Task directions: Below this line are records; transcribe exactly the lines between the one holding "Grafisk, tistellik perenn" and the one holding "ヒザ蹴りで反撃する花岡", inclusive, and omit the pictures.

Data shown:
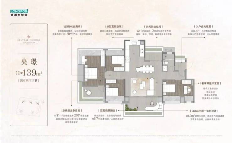 高使用率户型:采用“0飘窗”设计,通过优化空间布局,实现超110%的实用率,如95㎡户型实际使用面积可达120㎡左右,139㎡户型赠送面积近37㎡,居住体验媲美市面更大面积房源。
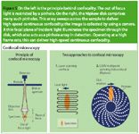 One thing that can be done to improve a wide field system, is to limit axial (Z) observation depth: thinly illuminating and observing any section will achieve the desired result. This can be realized by using pinholes in the illumination and observation paths (Figure 3). The effect is to increase the NA and reduce the haze as there is a reduction in the Z depth of the viewed image planes. This is, therefore, a 'light rejection' approach as the out of focus blur is eliminated by light rejection.
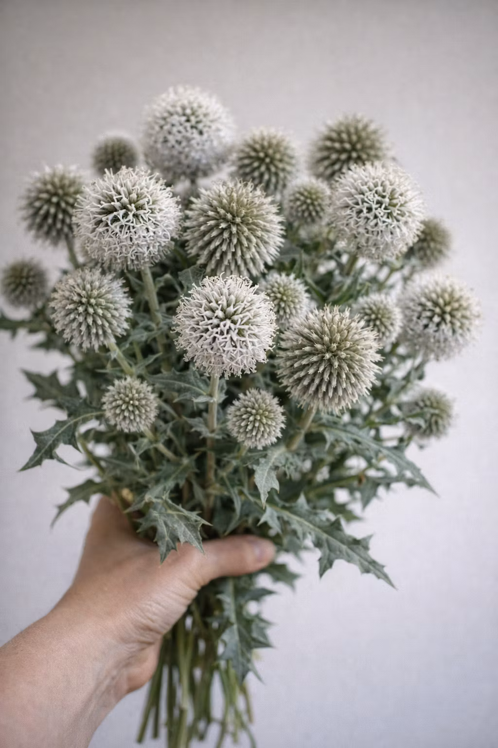 Grafisk, tistellik perenn med runda, taggiga blomkulor i ljust vitt/ivory som ger ett modernt och samtidigt “vilt” uttryck. ‘Arctic Glow’ är en riktig strukturblomma: hög, stadig och otroligt snygg i buketter där den tillför form och rytm.
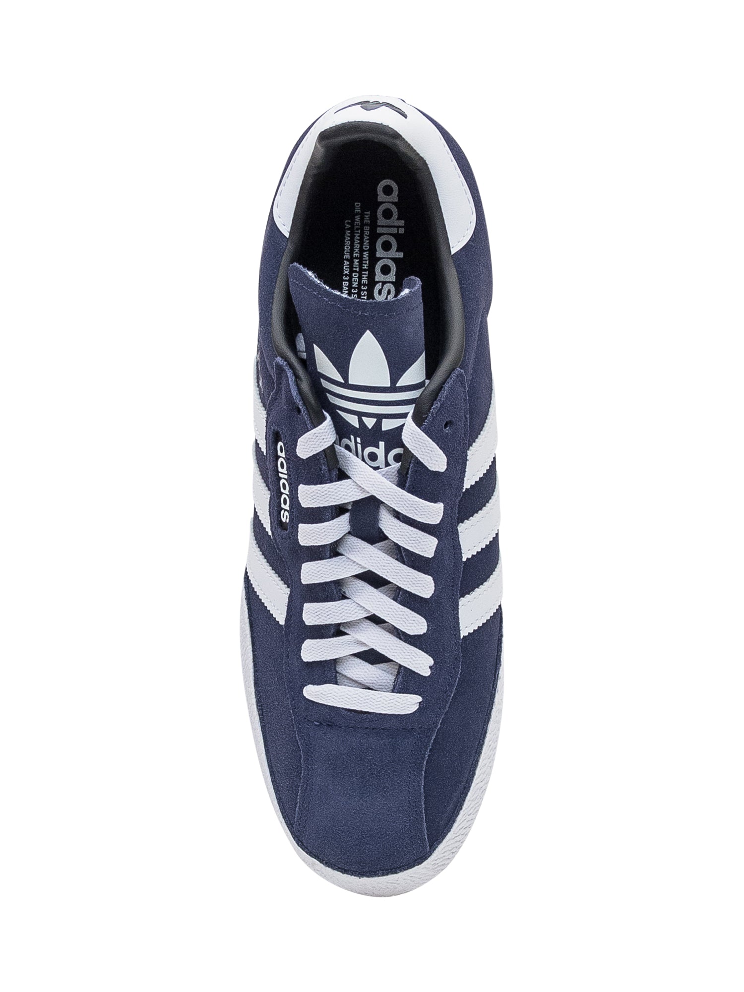 Iconic Adidas Samba sneakers in blue leather with white details and rubber sole.
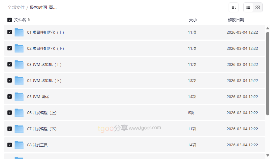 在当今技术快速迭代的时代,Java工程师的成长之路充满挑战,从掌握基础语法到应对高并发、高可用系统的性能瓶颈,每一步都需要系统性的知识体系和实战经验。这份 《极客时间-高级Java工程师》 课程资源,正是为渴望突破技术瓶颈、向资深专家迈进的中高级开发者量身打造的深度进阶指南。本资源集合了 项目性能优化、JVM虚拟机深度剖析、并发编程精髓、网络编程实战 四大核心模块,通过理论结合大量案例,直击生产环境中的复杂问题。它尤其适合:
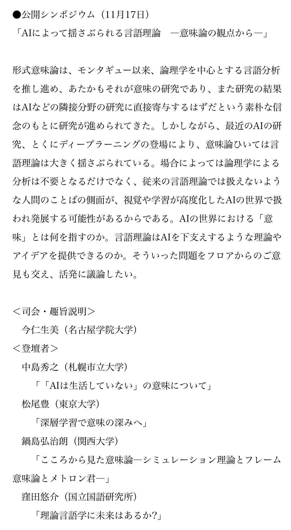 深い森 On Twitter もうこれ 題目見ただけで面白いじゃん 日本言語学会第159回大会 2019年11月16日 土 17日 日 名古屋学院大学名古屋キャンパスしろとり 公開シンポジウム Aiによって揺さぶられる言語理論 意味論の観点から Https T Co R8h8zcwt9f
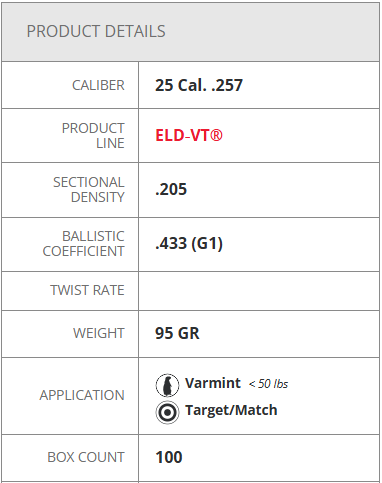 Born from a culmination of years of ballistic research, the ELD-VT™ pairs the aerodynamics of low drag match bullets with the lighter weight of a varmint bullet, giving the ELD-VT™ a level of uncompromising dual-purpose performance. Say goodbye to compromise, as this bullet’s match-winning accuracy and rapid expansion will set new standards.
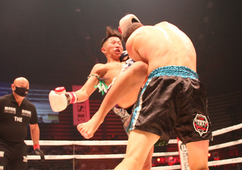 ヒザ蹴りで反撃する花岡
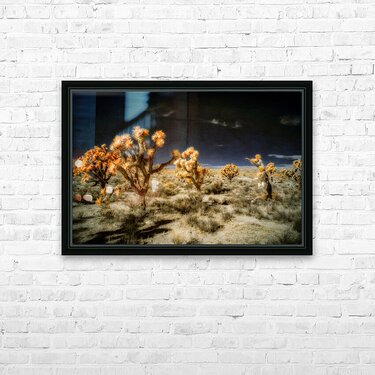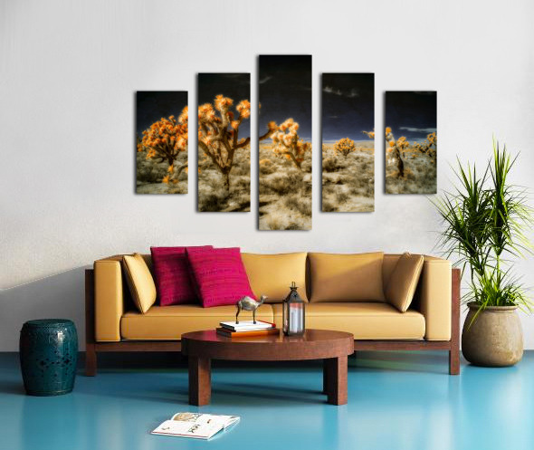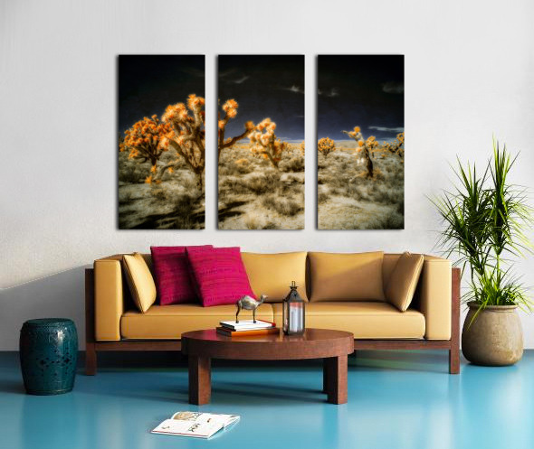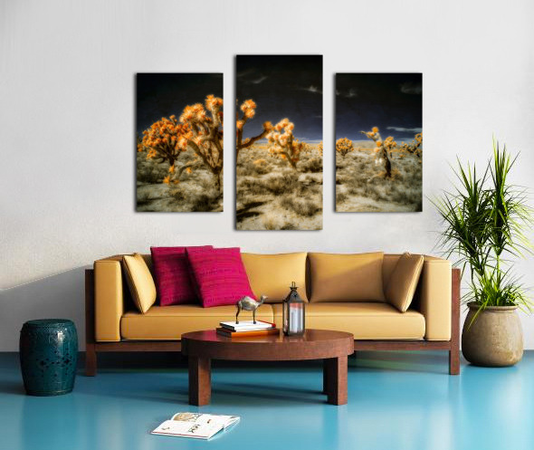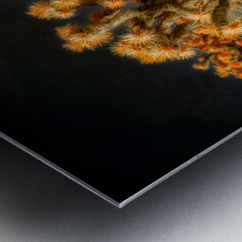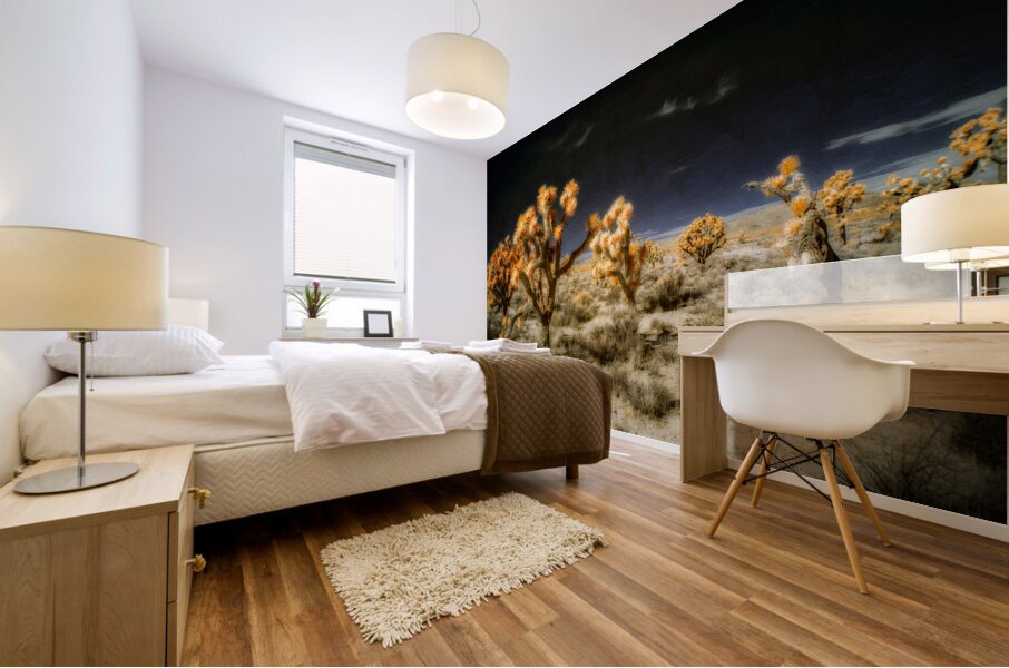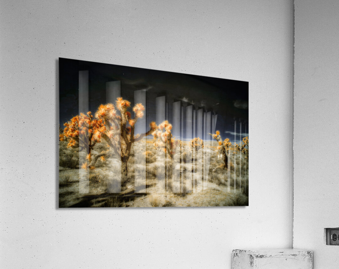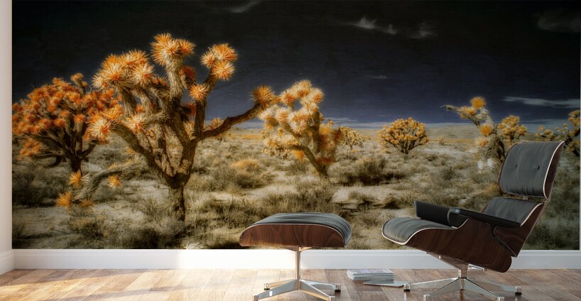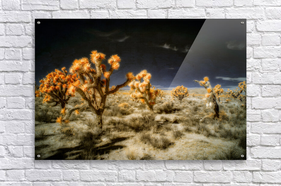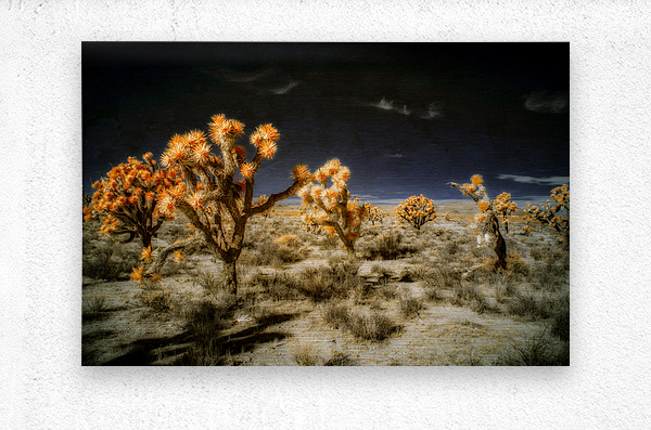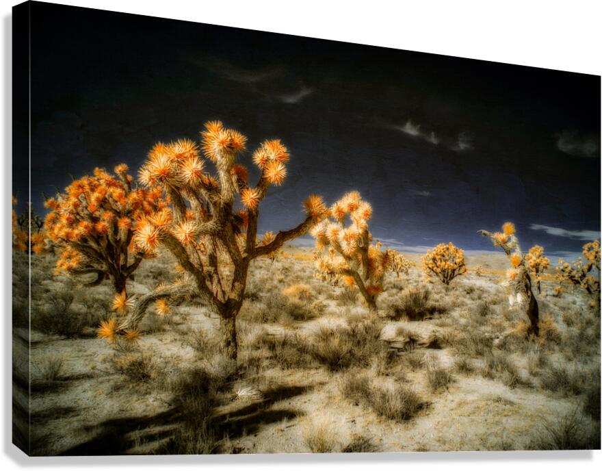 Venturing into the realm of the unseen *Joshuas Celestial Canopy* reveals a world cloaked in an enigmatic allure where the desert transforms into a breathtaking tapestry touched by otherworldly hues. The artwork captures an ethereal moment transcending the ordinary through the mysticism of infrared photography. Here the iconic Joshua trees emerge as luminous sentinels their foliage shimmering in vibrant oranges that defy earthly expectations. Above the sky broods with an infinite darkness a celestial shroud that magnifies the surreal landscape below. The ground stretches in an intricate mosaic of desert flora each shrub and tuft of vegetation rendered with exquisite dreamlike detail. The juxtaposition of shadow and light of orange against the obsidian sky creates a visual symphony that celebrates the bizarre beauty of nature’s anomalies. This piece invites viewers to traverse a liminal space to lose themselves within the alien elegance of an altered desert expanse. It challenges perceptions urging an exploration of nature’s enduring spirit as seen through a lens that captures the invisible and transfigures it into art. Allow yourself to drift into this spectral domain where the mundane dissolves into the magical and the familiar becomes marvelously strange.

Response to this exercise:
 Grafisk, tistellik perenn med runda, taggiga blomkulor i ljust vitt/ivory som ger ett modernt och samtidigt “vilt” uttryck. ‘Arctic Glow’ är en riktig strukturblomma: hög, stadig och otroligt snygg i buketter där den tillför form och rytm.
 Iconic Adidas Samba sneakers in blue leather with white details and rubber sole.
 在当今技术快速迭代的时代,Java工程师的成长之路充满挑战,从掌握基础语法到应对高并发、高可用系统的性能瓶颈,每一步都需要系统性的知识体系和实战经验。这份 《极客时间-高级Java工程师》 课程资源,正是为渴望突破技术瓶颈、向资深专家迈进的中高级开发者量身打造的深度进阶指南。本资源集合了 项目性能优化、JVM虚拟机深度剖析、并发编程精髓、网络编程实战 四大核心模块,通过理论结合大量案例,直击生产环境中的复杂问题。它尤其适合:
 深い森 On Twitter もうこれ 題目見ただけで面白いじゃん 日本言語学会第159回大会 2019年11月16日 土 17日 日 名古屋学院大学名古屋キャンパスしろとり 公開シンポジウム Aiによって揺さぶられる言語理論 意味論の観点から Https T Co R8h8zcwt9f
 Born from a culmination of years of ballistic research, the ELD-VT™ pairs the aerodynamics of low drag match bullets with the lighter weight of a varmint bullet, giving the ELD-VT™ a level of uncompromising dual-purpose performance. Say goodbye to compromise, as this bullet’s match-winning accuracy and rapid expansion will set new standards.
 ヒザ蹴りで反撃する花岡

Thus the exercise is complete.